This circular was automatically generated, and is an official product of the
Swift-XRT team.
- GCN Circular #7450
V. Beckmann (ISDC), S. Mereghetti (INAF/IASF-Milano), A. von Kienlin
(MPE), M. Beck, V. Savchenko (ISDC), J. Borkowski (CAMK/Torun), D. Gotz
(CEA/Saclay) report on behalf of the INTEGRAL SPI-ACS GRB team:
The three GRB reported on 2008-03-19 by the Swift team (GCN 7426, 7427,
7442) have been independently detected by the SPI Anti-Coincidence
System (ACS) on-board INTEGRAL.
Burst T0 duration max counts in 50 msec
------------------------------------------------------
GRB080319A 05:45:41 10s 370
GRB080319B 06:12:47 57s 5500
GRB080319C 12:25:55 25s 1200
The SPI-ACS light curves are available (both as images and data files)

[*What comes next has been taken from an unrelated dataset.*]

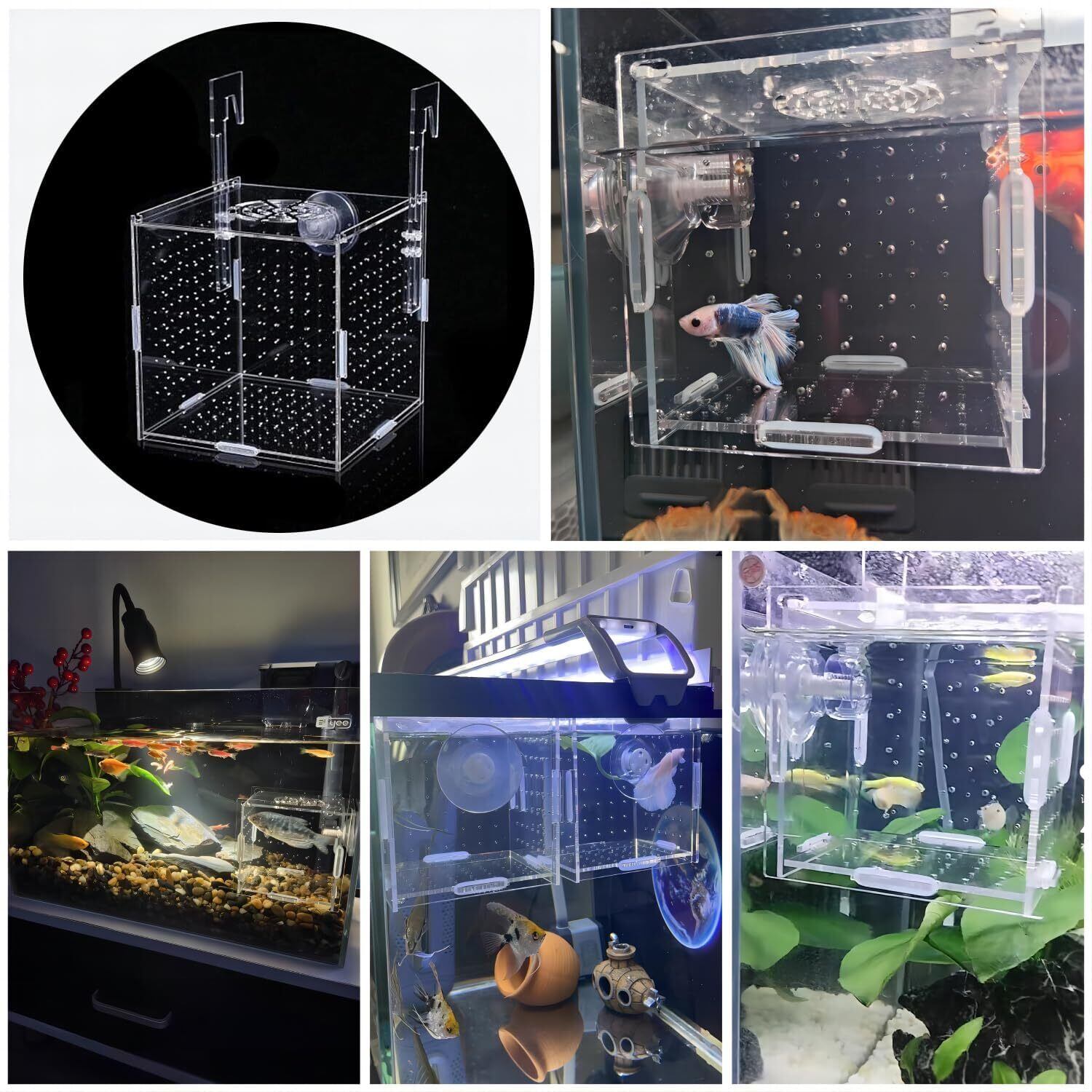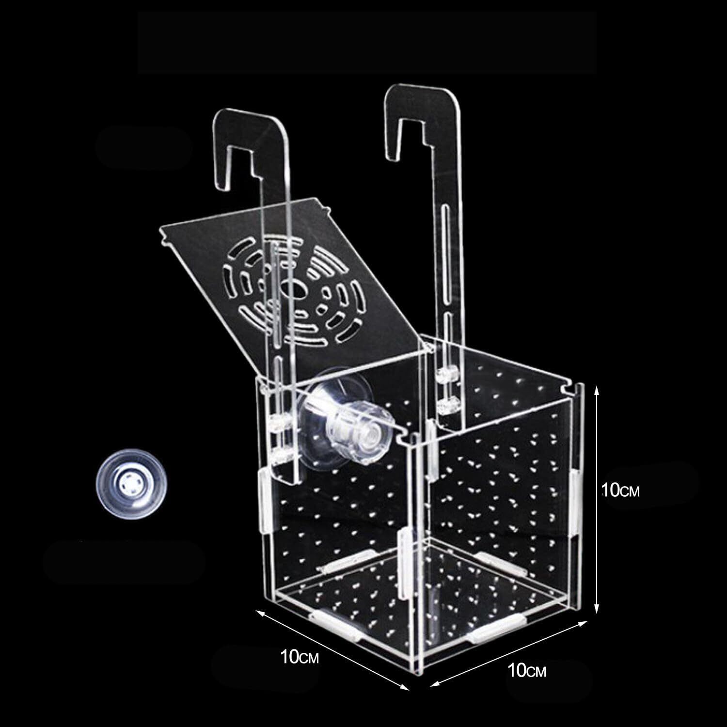Cluoling 魚 繁殖隔離ボックス 稚魚 繁殖隔離ボックス 水槽 隔離ケース 産卵ケース 孵化 産卵箱 魚の隔離 水族館アクセサリー 透明 アクリル (10x10x10cm)

at http://isdc.unige.ch/Soft/ibas/ibas_acs_web.cgi
The light curves, binned at 50 ms, are derived from 91 independent
detectors with different lower energy thresholds (mainly between 50 keV
and 150 keV) and an upper threshold at about 100 MeV. The ACS response
varies as a function of the GRB incident angle. For these reasons we
caution that the count rates cannot be easily translated into physical
flux units.
- GCN Circular #7451
P.M. Vreeswijk, Bo Milvang-Jensen (DARK), A. Smette (ESO),
D. Malesani, J.P.U. Fynbo (DARK), P. Jakobsson (U. Hertfordshire),
A.O. Jaunsen (U. Oslo) and C. Ledoux (ESO) report on behalf of a
larger collaboration:
Besides the absorption systems at z=0.937 and z=0.530 reported in GCN
7444, we also note the presence of two other systems at z=0.715 and
z=0.760 along the sightline toward GRB 080319B. The rest-frame
equivalent width of MgII 2796 for both the z=0.937 and z=0.715 systems
is large: greater than 1A. Finally, we detect several transitions
from FeII fine-structure levels from the z=0.937 system. Assuming that
the GRB afterglow is responsible for the FeII excitation (see
Prochaska et al. 2006, ApJ, 648, 95; Vreeswijk et al. 2007, A&A, 468,
83), this confirms the z=0.937 system to be the host of GRB 080319B.
- GCN Circular #7452
S. Karpov, G. Beskin, S. Bondar, C. Bartolini, G. Greco, A. Guarnieri,
D. Nanni, A. Piccioni, F. Terra, E. Molinari, G. Chincarini, F.M. Zerbi,
S. Covino, V. Testa, G. Tosti, F. Vitali, L.A. Antonelli, P. Conconi, G.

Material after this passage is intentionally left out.